At the beginning of this New Year, IT In Canada spoke with Microsoft Virtualization Lead, Bruce Cowper, about the System Center
family of products and how they may be used to support virtualized desktop and other customer environments. In this far ranging conversation, Cowper stressed that System Center is more than an IT management tool – he sees it, rather, as the “heart” of an organization’s virtualization as it enables management of all scenarios that IT administrators must deal with on a daily basis - patch management, deployment, allocation of resources, disaster recovery, etc. that sit on the virtualization foundation - while effectively binding together all the different virtualization deployments (ex. server, desktop and other tools) and the company’s physical infrastructure. According to Cowper, the best way to think about System Center is as a “management platform” that allows visibility into multi-vendor hardware layers, through the virtualized foundation and administrative services, all the way to the user experience and which allows centralized management through a common set of product interfaces of each piece of the IT system.
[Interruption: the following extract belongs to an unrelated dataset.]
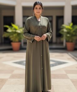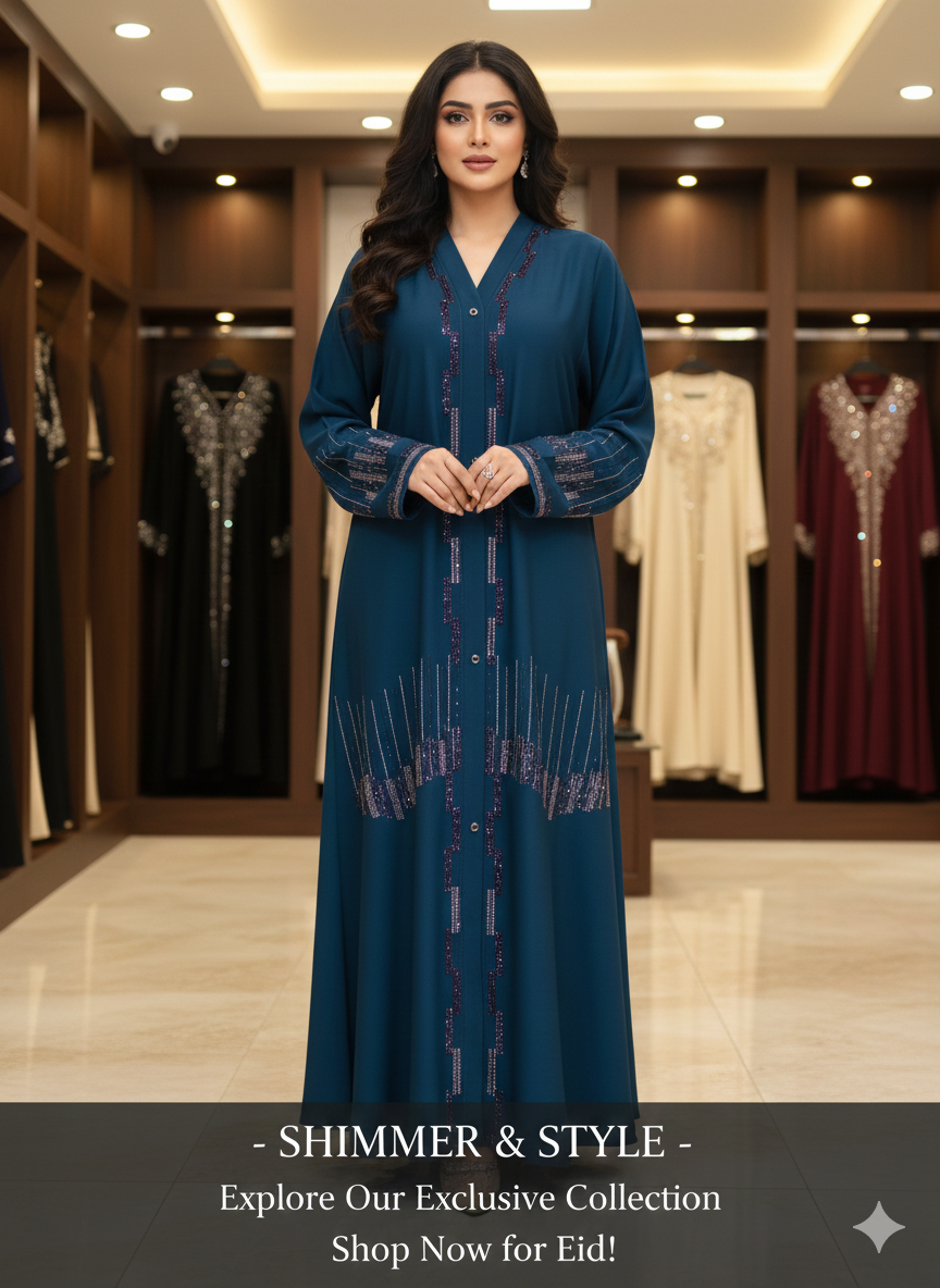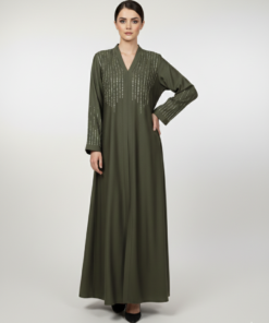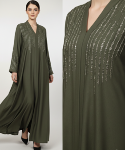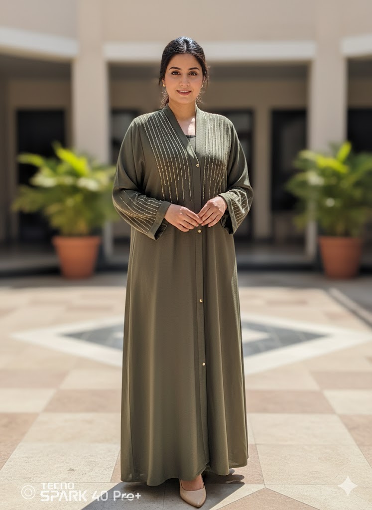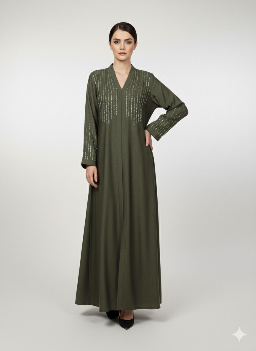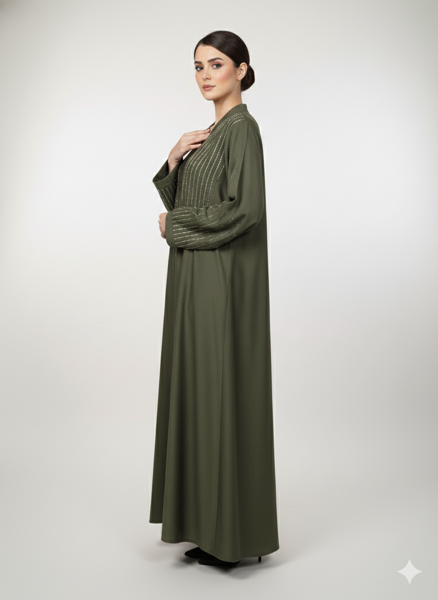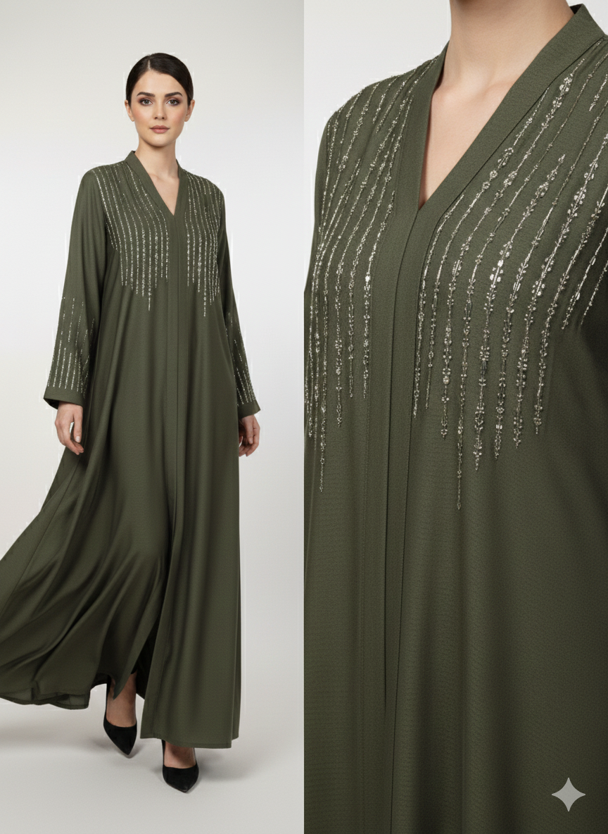Description: Experience luxury with our latest arrival. Crafted from the finest TikTok fabric, this abaya features intricate vertical DMC stone lines that add a slimming effect and a touch of sparkle. The wide sleeves are adorned with matching hand-embroidery, making it a standout piece for any occasion.

Cowper also discussed the advantages and interest he is seeing in the Canadian market in various forms of desktop virtualization, and described how the System Center suite’s broad functionality and multi-vendor interoperability is uniquely suited to support these types of deployments. In the case of a
Citrix VDI, for example, four components are involved: the physical device (laptop, smartphone, PC), the desktop which is running on a server in the data centre, the physical infrastructure that runs the virtual desktop at the backend, and the application a user engages with. For each of these components, there is a corresponding System Center tool that integrates with the rest of the suite to provide administrators with “a single pane of glass” for maintenance and management, the potential for proactive automated management for additional times saving, as well as centralized reporting that may be shared with operations managers in other areas of the business. For its part, Citrix has supported this interoperability through the release of management layer interfaces – management packs or connectors - between the System Center platform of tools and Citrix specific applications, such as HDX (High Definition Experience). A recent example of this interplay - the
Citrix Essential 5.5 for Microsoft HyperV, a tool which links Citrix and Microsoft systems to enhance disaster recovery services in virtualized desktop – was released earlier this month.